Religion under the Achaemenids was in the hands of the Magi, whom the Greek historian Herodotus describes as a Median tribe with special customs, such as exposing the dead, fighting evil animals, and interpreting dreams. Again, the historical connection with Zarathustra—whom Herodotus also ignores—is a hazy one. It is not known when Zarathustra’s doctrine reached western Iran, but it must have been before the time of Aristotle (384–322), who alludes to its dualism.
Darius, when he seized power in 522, had to fight a usurper, Gaumata the Magian, who pretended to be Bardiya, the son of Cyrus the Great and brother of the king Cambyses. This Magian had destroyed cultic shrines, āyadanas, which Darius restored. One possible explanation of these events is that Gaumata had adopted Zoroastrianism, a doctrine that relied on the allegiance of the common people, and therefore destroyed temples or altars to deities of the nobility. Darius, who owed his throne to the support of some noblemen, could not help favouring their cult, though he adopted Auramazda as a means of unifying his empire.

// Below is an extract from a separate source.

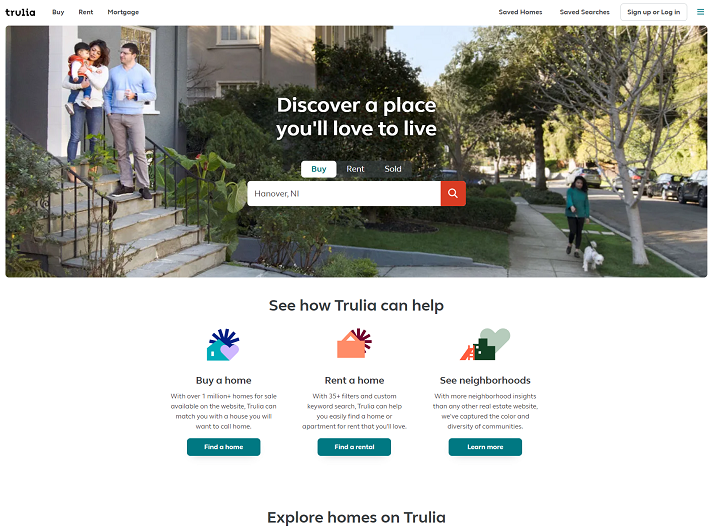 Über Trulia können Immobilien gekauft, vermietet oder verkauft werden.

Xerxes, successor to Darius, mentioned in one of his inscriptions how at a certain (unnamed) place he substituted the worship of Auramazda for that of the daivas, which does not mean that he opposed the daeva cult as such, as a true Zoroastrian would have done, but only that he eradicated somewhere—probably in Babylon—the cult of deities alien to the religion of the ahuras. It points to a change of attitude, compared with Cyrus’s tolerance of alien religions, such as the Babylonian or the Jewish religion.